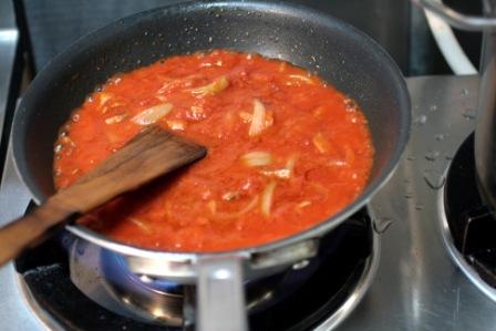 手でつぶしたホールトマトを入れて煮込む。
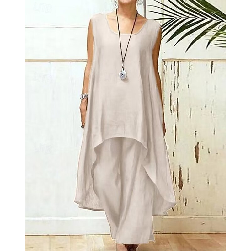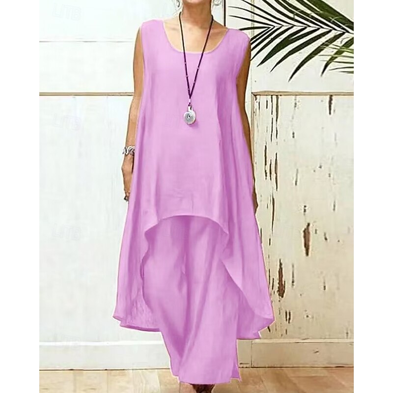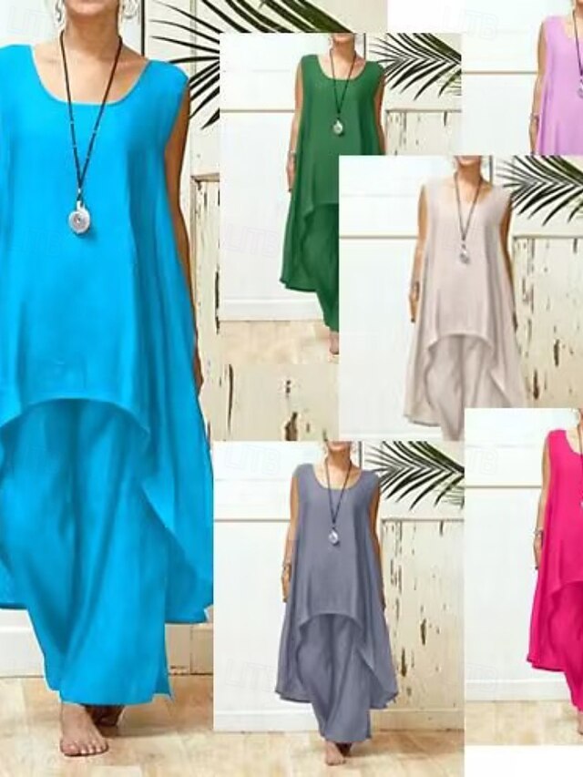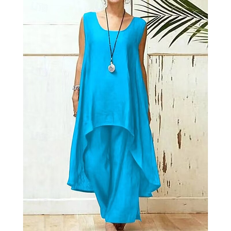 More information about Women's Fashion Blouse Pants Sets Sleeveless Crew Neck Solid Color Vacation Casual Daily Black Sky Blue Purple Summer Regular Fit
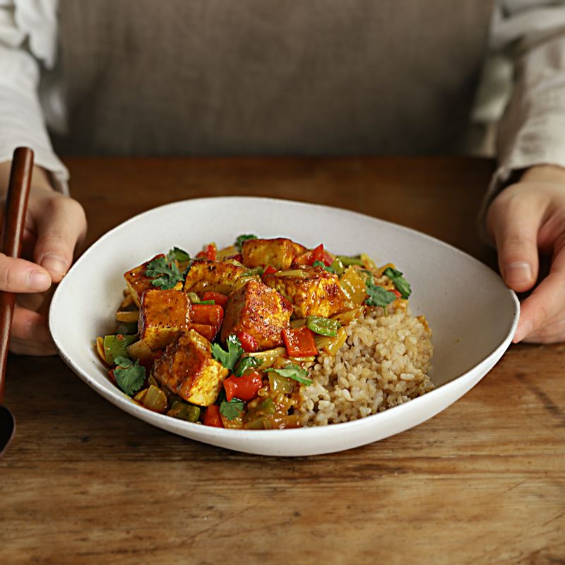 건강한 재료 카레에 두부를 더해 한층 더 건강하고 맛있는 한 그릇 음식을 만들었어요. 두부의 부드러운 식감과 뭉근하게 끓인 카레의 깊은 맛이 정말 잘 어울린답니다.
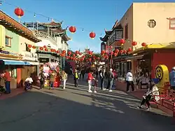 Chung King Road, along with Chung King Court containing a water fountain in its center, is a pedestrian street complex in the northwest corner of Chinatown, Los Angeles, United States. This street is a part of "New Chinatown", built in the 1930s and 1940s, and was the location of mostly Chinese specialty shops, importers of Chinese art objects, and Chinese benevolent associations. In the late 1990s many of the storefronts were sitting unused, and several of them were converted into art galleries and art studios. With its nearly weekly schedule of art gallery exhibition openings, Chung King Road is now one of the centers of art and nightlife in Downtown Los Angeles.[1] Annual events include Chinese New Year and the Golden Dragon Parade,[2] The Moon Festival, KCRW's Chinatown Summer Nights,[3] the closing party of LA's Design Week and the Perform! Now! Festival.[4]
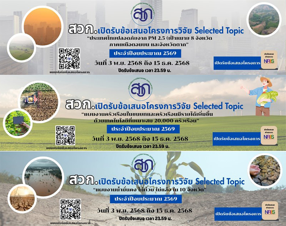 สำนักงานพัฒนาการวิจัยการเกษตร (องค์การมหาชน) ประกาศรับข้อเสนอโครงการวิจัย Selected Topic ประจำปีงบประมาณ 2569 ภายใต้หัวข้อวิจัย 3 เรื่องได้แก่
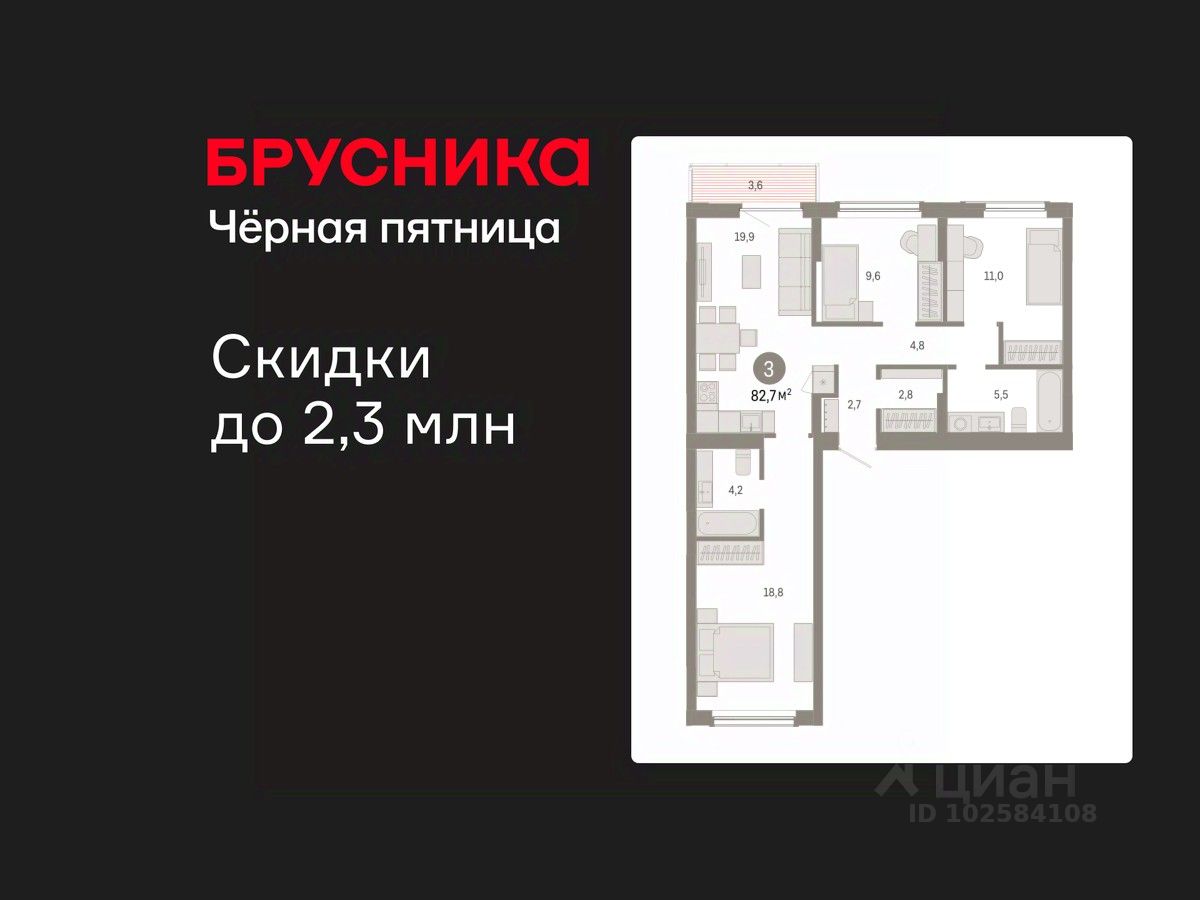 Просторная 3-комн. квартира с предчистовой отделкой в Кварталы Драверта на 4 этаже. Общая площадь: 82.67 кв.м. Высота потолков 2.82 м.
###
- **Exercise description**:
When an image appears in the data, skip it and output the rest exactly.

- **Answer for this exercise**:
 手でつぶしたホールトマトを入れて煮込む。
 More information about Women's Fashion Blouse Pants Sets Sleeveless Crew Neck Solid Color Vacation Casual Daily Black Sky Blue Purple Summer Regular Fit
 건강한 재료 카레에 두부를 더해 한층 더 건강하고 맛있는 한 그릇 음식을 만들었어요. 두부의 부드러운 식감과 뭉근하게 끓인 카레의 깊은 맛이 정말 잘 어울린답니다.
 Chung King Road, along with Chung King Court containing a water fountain in its center, is a pedestrian street complex in the northwest corner of Chinatown, Los Angeles, United States. This street is a part of "New Chinatown", built in the 1930s and 1940s, and was the location of mostly Chinese specialty shops, importers of Chinese art objects, and Chinese benevolent associations. In the late 1990s many of the storefronts were sitting unused, and several of them were converted into art galleries and art studios. With its nearly weekly schedule of art gallery exhibition openings, Chung King Road is now one of the centers of art and nightlife in Downtown Los Angeles.[1] Annual events include Chinese New Year and the Golden Dragon Parade,[2] The Moon Festival, KCRW's Chinatown Summer Nights,[3] the closing party of LA's Design Week and the Perform! Now! Festival.[4]
 สำนักงานพัฒนาการวิจัยการเกษตร (องค์การมหาชน) ประกาศรับข้อเสนอโครงการวิจัย Selected Topic ประจำปีงบประมาณ 2569 ภายใต้หัวข้อวิจัย 3 เรื่องได้แก่
 Просторная 3-комн. квартира с предчистовой отделкой в Кварталы Драверта на 4 этаже. Общая площадь: 82.67 кв.м. Высота потолков 2.82 м.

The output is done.